Even though the times are so different for me (a woman of a similar age and political proclivities as Anna Wulf), there is so much in her search that resonates right now. The inability to operate outside a group for whom coherent politics are at the core, a sexual liberation that often results in disatisfaction, a disavowal of personal experience based on social conditions…. it is as though we are mere mirrors of past movements, not sure of what to make of ourselves once the task of world-changing becomes too impossible or broken.
I have an ongoing discussion with a friend of mine convinced that since the world is on its way to collapse our best course of action is to find happiness with other people. He believes nothing we do can change that fact anyways and so there is no point to keeping the struggle going, or even talking about it. (Why tell our stories? he once asked me when I talked about writing a book, What is the point?). I have known this friend a long time, and hope this really is a peace he can find in himself, but that same peace does not exist in me. It seems too hollow – to lack the depth of the human-ness of which we are capable.
The other night I spoke with a different friend online because I was in despair. Deep, horrid, darkness. “I want to give up, I want to walk away, it is too difficult, there is too much work. I don’t want to. I can’t. Please tell me I’m okay. I want to be okay”. We spoke for over an hour like this and I allowed myself to enter fully, to give over to my grief intentionally, to express openly all of the things stopped up inside of me because I have to be a soldier and be strong until this (most recent) storm passes. He expressed that I needed to take care of myself – but! I said… grief is part of my self-care process, it needs to come out!

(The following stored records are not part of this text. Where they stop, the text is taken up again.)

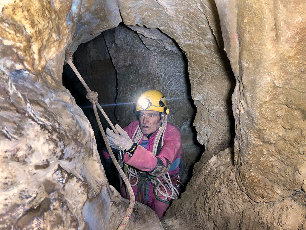 Arribats a la capçalera del pou (26), aquest s'eixampla i continua cap a dalt 5 metres més en cúpula amb un interrogant.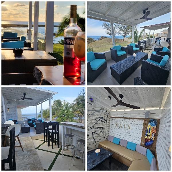 Planta alta : terraza con sus mesas para servicio de restaurante parte climatizada y bar con una excelente vista al mar ,tanto de día como de noche.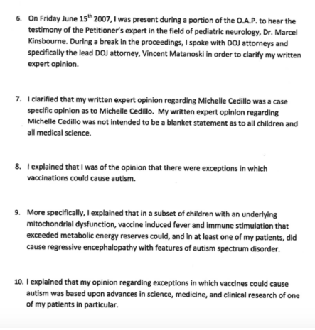 Even if these statistics are correct and there is a drop in the incidence of Autism in those Vaccinated it doesn't mean as Dr Zimmerman said in his affidavit that in "exceptional cases" of children with mitochondrial dysfunction the effect of a vaccine could cause Autism, right?pic.twitter.com/pJMOFvsyMZ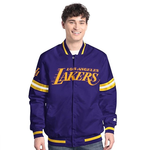 Veste universitaire à boutons-pression Los Angeles Lakers Scout violette/dorée pour homme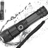Lampe torche LED puissante avec recharge USB, étanche, avec zoom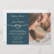 Coeur élégant et sophistiqué de corde en feuille d'or en combinaison avec l'arrière - plan bleu marine et photo personnalisée du couple. Adorable, simple, minimaliste Faire-part de mariage.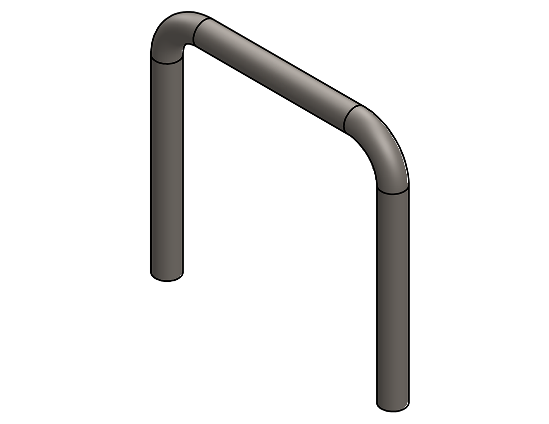 U-END LOOP, 1 1/2 O.D. X .120 WALL (11 GAGE) BENT 90° ON A 2 1/2 C.L.R. (2) PLCS., 15 C-C W/(2) 15 C-E LEGS, STEEL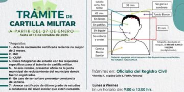 05 de junio de 2025, Fortín, Ver. – La Oficialía del Registro Civil de Fortín mantiene vigente el trámite para obtener la Cartilla Militar de Identidad del Servicio Militar Nacional No Liberada Clase 2007 y remisos.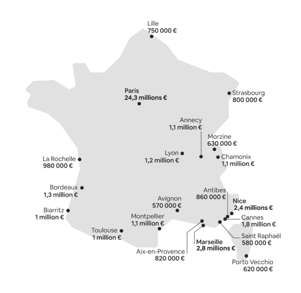 Les grandes villes profitent également de l’attrait des visiteurs internationaux et des événements, avec plusieurs millions d’euros reversés à Nice (5,6M€), Bordeaux (plus de 1,3M€), Marseille (plus de 3,2 M€) et Lyon (2,2M€).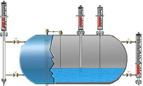 磁翻板液位計(也可稱為磁性浮子液位計)根據浮力原理和磁性耦合作用研制而成。當被測容器中的液位升降時,液位計本體管中的磁性浮子也隨之升降,浮子內的永久磁鋼通過磁耦合傳遞到磁翻柱指示器,驅動紅、白翻柱翻轉180°,當液位上升時翻柱由白色轉變為紅色,當液位下降時翻柱由紅色轉變為白色,指示器的紅白交界處為容器內部液位的實際高度,從而實現液位清晰的指示。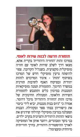 מיזם חדשני של הרכב מוסיקלי מיוחד במינו יוצא לדרך, בו משתתפות בנות שירות לאומי מנגנות, שתעסוקנה בהדרכת ילדים, בני נוער ומבוגרים בנושאי זהות יהודית וציונית, בשילוב מופעי נגינה ושירה ב"החוויה היהודית". (אתר: www.h-y1.coi.co.il)

This does not mean to dwell with grief, but to give it an entryway when it knocks on the door and simultaneously open a backdoor so it can blow out again. Just as I can’t turn away from moments that are ecstatic and joyous, my despair is also not to be ignored. I am just lucky I have people in my life who will listen me out until I am tired enough to curl up and sleep.
This is what rings empty about pursuing only joyous or ecstatic experience – is it is not authentic to our natural state as beings. While true that our civilization engenders a lot more fear and anxiety than we would encounter in a more natural state, it is not true that our “best” state is one in which we ignore the reality of suffering in the world, or turn ourselves away from service to others.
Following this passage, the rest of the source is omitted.